Yeah, that makes sense, thanks Felipe!

-- 
Gregor Martynus

On Tuesday, 12. June 2012 at 23:50, Felipe Ortega wrote:


________________________________
De: Gregor Martynus <gregor@martynus.net>
Para: Felipe Ortega <glimmer_phoenix@yahoo.es>
Enviado: Martes 12 de junio de 2012 19:24
Asunto: Re: [Xmldatadumps-l] anonymous user account logs (account created / account blocked)


Thanks Felipe, I've seen that to in the header of the pages-logging.xml dump, but I don't see a reference within the <logitem> entries. Or am I missing something?


For example the stub-meta-history.xml dump has these: "<ns>0</ns>". There is no such thing in the pages-logging.xml, is it? It's not a big problem though, I think you can get the namespace out of the logtitle if you have to

Actually, there is a section in my code in which I use the namespace name to create a similar numerical identifier for each log item. Thus, it can reproduce the same approach used in the revision table (though this field is not present in the logging table at first).

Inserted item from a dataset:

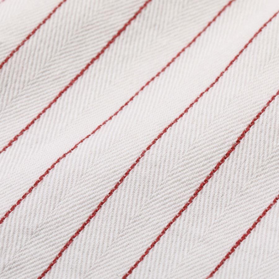 1950〜60年代にアメリカの大手飲料メーカーでユニフォームとして使用されていた「コークストライプ」ワークシャツを再現。重量のあるボトルの運搬にも耐えうるタフな生地が特徴で、シュガーケーンが所有するデッドストック(新品状態のまま発見されたヴィンテージ)を分析し、ヘリンボーンツイル生地を旧式の力織機を使って織り上げている。

For this, you can use the text in the <logtitle> item. This is the title of the page affected by the log action. If there is a prefix such as:

Talk:Something
User:FooBar


You can match the prefix with the namespace string and insert the code in the DB. In case that the title doesn't have any prefix, the page belongs to the main namespace (articles, so ns = 0).

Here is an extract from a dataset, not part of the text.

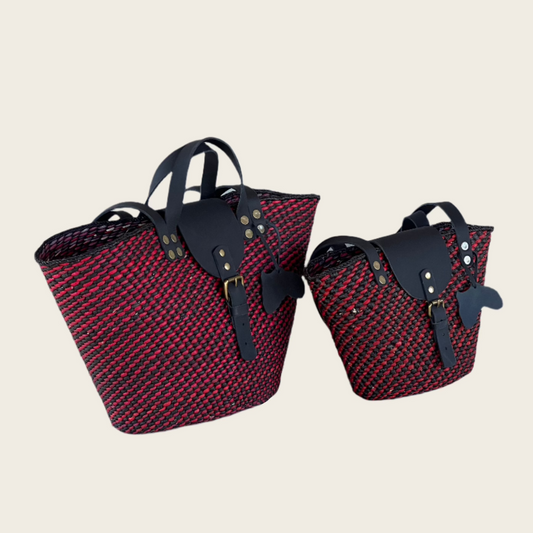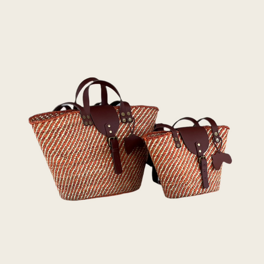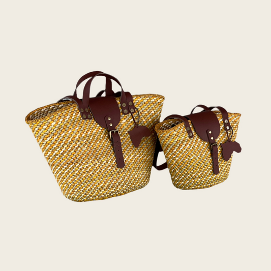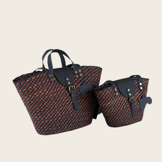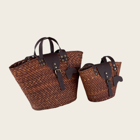 The environmentally-friendly reed grass called "Milulu" is used for weaving the bags. The "Milulu" grows near streams, and the local women uproot, clean, and dry these grasses before using them for weaving the bags. We combine the skillfully hand-woven bags with elements of high-quality Tanzanian leather. We carefully add the leather by hand to ensure the quality of the final product.

This extra info can be very useful when filtering log actions by type of article in which they were applied. You can see in my customized definition of the "logging" table that I have added some extra fields, including this <ns> id.


Cheers,

Felipe.



-- 
Gregor Martynus



On Tuesday, 12. June 2012 at 16:31, Felipe Ortega wrote:
________________________________
De: Gregor Martynus <gregor@martynus.net>
Para: Felipe Ortega <glimmer_phoenix@yahoo.es>
Enviado: Lunes 11 de junio de 2012 21:53
Asunto: Re: [Xmldatadumps-l] anonymous user account logs (account created / account blocked)

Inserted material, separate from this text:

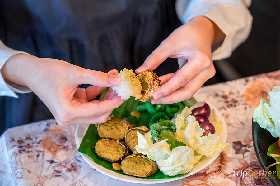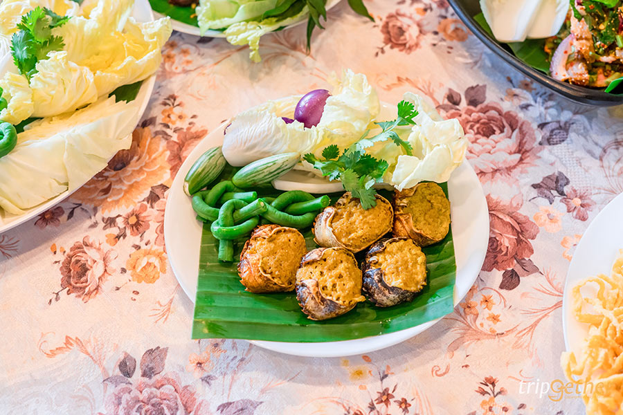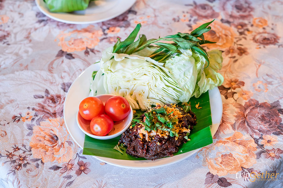 ปูอ่อง เป็นอีกเมนูอาหารเหนือที่ต้องลอง โดยปูอ่องของทางร้านเป็นมันปูแท้ๆ ไม่ผสมแป้งและไข่ เนื้อสัมผัสปูอ่องละเอียดและนุ่มละมุน รสชาติเค็มๆ มันๆ กินคู่กับข้าวเหนียวเข้ากันสุดๆ ราคาอยู่ที่ 120 บาท

Thanks Felipe, I'll definitely give it a try next time. One thing that puzzles me: 
From your code it seems there would be <namespace> tags in the pages-logging.xml dump. Is this the case, I didn't see these myself.


Hi again, Gregor.


I' ve just checked with an excerpt from simplewiki-pages-logging.xml and it's not an error. Namespace info is also included, since it is part of the <siteinfo> item in XML dumps:


<siteinfo>
    <sitename>Wikipedia</sitename>
    <generator>MediaWiki 1.20wmf4</generator>
    <case>first-letter</case>
    <namespaces>
      <namespace key="-2" case="first-letter">Media</namespace>
      <namespace key="-1" case="first-letter">Special</namespace>
      <namespace key="0" case="first-letter" />
      <namespace key="1" case="first-letter">Talk</namespace>
      <namespace key="2" case="first-letter">User</namespace>
      <namespace key="3" case="first-letter">User talk</namespace>
      <namespace key="4" case="first-letter">Wikipedia</namespace>
      <namespace key="5" case="first-letter">Wikipedia talk</namespace>
      <namespace key="6" case="first-letter">File</namespace>
      <namespace key="7" case="first-letter">File talk</namespace>
      <namespace key="8" case="first-letter">MediaWiki</namespace>
      <namespace key="9" case="first-letter">MediaWiki talk</namespace>
      <namespace key="10" case="first-letter">Template</namespace>
      <namespace key="11" case="first-letter">Template talk</namespace>
      <namespace key="12" case="first-letter">Help</namespace>
      <namespace key="13" case="first-letter">Help talk</namespace>
      <namespace key="14" case="first-letter">Category</namespace>
      <namespace key="15" case="first-letter">Category talk</namespace>
    </namespaces>
  </siteinfo>


Best,
Felipe.